The Importance and Anti-Infective Properties of Human Milk
Breastfeeding from a woman who is in good health and nutritional status provides a complete food which is unique to the species. There is no better nutrition for healthy infants both at term and during the early months of life.
Advantages Associated with Breastfeeding
- Prevention of infection
- Nutrition and economic factors
- Breastfed babies are less liable to be overweight
- Breastfeeding provides protection against diabetes mellitus in newborns.
- Breastfeeding decreases ovulation, thus helping to space births
Anti-Infective Properties of Human Milk
There have been numerous reviews of the anti-infective properties of human milk since human milk contains T-lymphocytes, B-lymphocytes, and macrophages – possible important for –
- Preventing necrotizing enterocolitis.
- Preventing non-specific antiviral agents.
- Neutralizing antibodies to poliomyelitis.
- Immunoglobins IgA, IgG, IgM.
- Lactoferrins, which with immunoglobins protect against enteric infections and cholera.
- Preventing non-specific agents, such as lysozyme, lacto-peroxidase, and transferrin, which inhibit bacterial growths.

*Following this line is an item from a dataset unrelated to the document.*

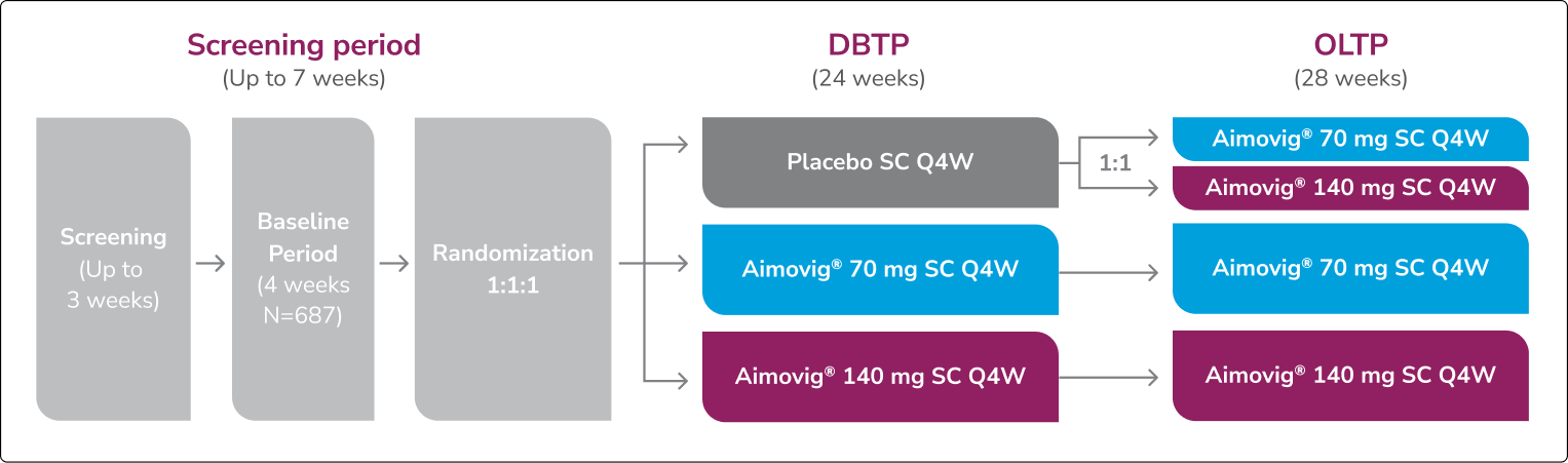 Aimovig® was evaluated for the prevention of episodic migraine in patients aged 18 to 65 years with 4 to 14 monthly migraine days (MMDs) in this multicenter, 24-week study.1

However, colostrum contains a high concentration of C3 (Serum Concentration), (immunoglobulin A) and lactoferrin which is important for protection against Gram-negative organism in the newborn child. It contains antibodies against the respiratory syncytial virus.
Complementary Feeding In Infants
Complementary feeding refers to the transition from exclusive breastfeeding to family food, which typically covers the period from 6 to 24 months of age even though breastfeeding may continue up to 2 years of age and beyond. That is how WHO defines complementary. It is food added to the diet of the baby, without compromising on breast milk intake.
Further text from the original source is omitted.